Machine translation and automatic dictionary in Yandex
Each large product includes many complex and interesting technologies that people, often devoting their whole life to them, worked on. And Yandex has implemented many of our colleagues' developments, which may remain unnoticed by non-specialists and appear to be insignificant details. For example, one of the cloud technologies of Yandex, which are integrated into the browser, has become our own translator.
Yandex.Transfer itself came out of beta a few months ago. It is distinguished from other few similar services by its auto dictionary, the unique technology of which was developed by a team of linguists and programmers of Yandex. During its development, it was possible to combine modern statistical approaches of machine translation and traditional linguistic tools.
')
To understand how important a step in the development of machine translation is the appearance of an autos-dictionary, it is worth remembering that syntax translators were distributed 20 years ago, for which phrase matching tables in different languages ​​were compiled manually. The process of their creation began to change only in the late 1990s, when the first statistical translators appeared. Parallel texts were used to teach their translation models. Documents in which the same thing is written in different languages ​​have been extracted, for example, from diplomatic documentation. A large base of parallel texts became UN documents. But it was impossible to create a general translator in such a lexicon, because he translated even informal texts in a dry diplomatic language.
The solution to the problem of learning a universal translation model was the use of parallel documents extracted from search engine indices. And these are not only multilingual sites that were originally created in several languages. For example, a document appeared on the Internet with text about some event.

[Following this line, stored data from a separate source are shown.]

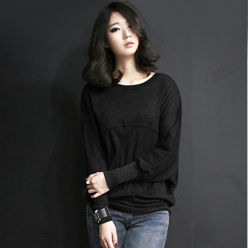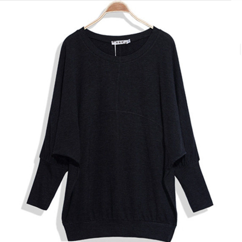 大码纯棉宽松200斤显瘦长袖蝙蝠衫t恤卫衣女春秋冬装圆领打底上衣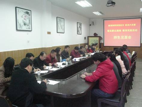 教育科学系党总支书记王辉介绍了我系党建、员工管理、系部发展等方面的总体情况,强调本次师生见面会是两个支部五联共建活动的一项内容,也是落实群众路线教育实践活动的一项重要举措。机关六支部书记张东红表示,希望通过此次见面会,加强职能部门与系部之间的联系,能进一步深入系部了解和解决教学部门在教学、科研、发展等问题上遇到的实际问题。见面会上,我系青年教师代表和员工代表也做了发言,他们表示落实群众路线教育实践活动会更好地青年促进老师和员工的成长,加深了对于公司得了解,增进师生之间的情感,同时也能促进教育科学系的发展。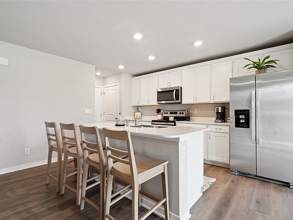 Welcome home to this well-maintained two-story end-unit townhome, offering comfort, space, and style! Featuring 3 spacious bedrooms, 2.5 baths, and a generous 2-car garage. Step inside to discover an open-concept layout, where the great room welcomes you with a cozy electric fireplace-perfect for relaxing or entertaining. A conveniently located half bath adds comfort and practicality to the main floor. The stylish kitchen features a large island and an oversized pantry, offering ample space for gathering and storage. Just off the kitchen, step out to your private patio and beautifully maintained green space. Upstairs, the spacious primary suite offers a relaxing escape with a dual-sink vanity and a spacious walk-in closet. 2 additional bedrooms, a full bath, and conveniently located laundry room complete the upper floor.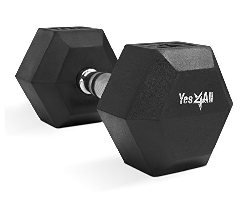 Yes4All Rubber Coated Hex Dumbbells 5, 10, 15, 20, 25, 30 lbs - Special Promotion (Black - 40 lbs)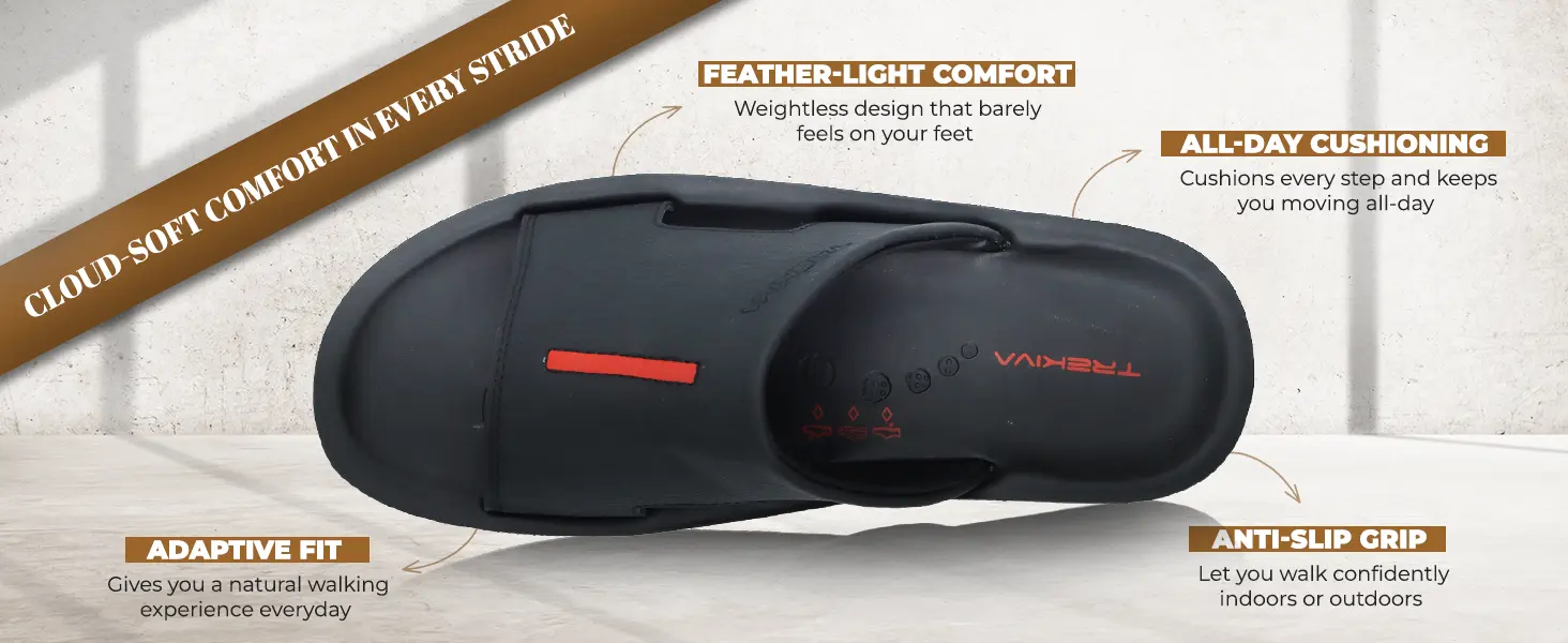 Trekiva Men's Premium Slip-On Sandal | Comfortable Daily Wear Sandal For Office, Outdoors & Home| Flexible & Durable | Anti-Skid Grip With Soft Cushioned Footbed Sandal| TPG-3034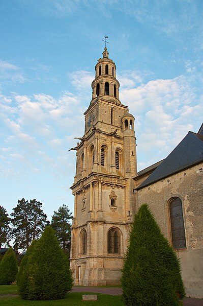 Le clocher, seul élément classé de l'édifice, s'élève hors‑œuvre sur le flanc sud et présente six niveaux mêlant ordonnances classiques et lanternes superposées ; une tourelle d'escalier octogonale donne accès aux étages supérieurs. Le rez‑de‑chaussée de la tour, distinct de la nef, servait de baptistère et conserve une fontaine en marbre du XVIIe siècle ainsi qu'un écusson armorié portant les armes du bourgeois Samson ; une pierre porte l'inscription de l'année 1544. La nef, reconstruite en 1863 par les architectes Martial Pelfresne et Alphonse Delaunay, s'harmonise avec le style du clocher.

For him, a kind of “passport” is created with characteristic (contrasting) words, which is then compared with passports of other documents, and if they coincide, it is concluded that this is a text about the same, but in different languages. This process requires significant computational resources because it has to process billions of web documents.
Naturally, not all sentences in such texts will be consecutive translations of each other. In order to create correspondence tables of words and phrases with all possible translations, you need to do a special alignment and throw out those that accidentally got there. As a result, it turns out that, for example, 20–30 English correspond to each Russian word.
Virtually the entire process described above is based on statistical methods and probability theory. An automatic translator knows the magnitude of the probability of each translation and, based on it, quickly makes his choice on the language model from dozens of options, and sometimes hundreds.
It seems that for the accuracy of the translation and the accounting of the text stylistics, you only need to show the variants of the translations to the person and he will select the word that is most suitable for the context and style. But these are statistical fragments of the text, which in themselves can not carry any meaning for a simple user. At least, because he can see thousands of options for one word, which does not help him. Especially if the person does not know very well the language into which he translates.
An autoscript solves the problem of choice by choosing only the most suitable translations and showing them in a form that is readable for the simple user. To this end, our team of specialists carried out complex and resource-intensive work. First, we made the auto dictionary display the dictionary form of the word. Secondly, they taught us to identify from the entire set of phrases really stable phrases that a person can then formulate.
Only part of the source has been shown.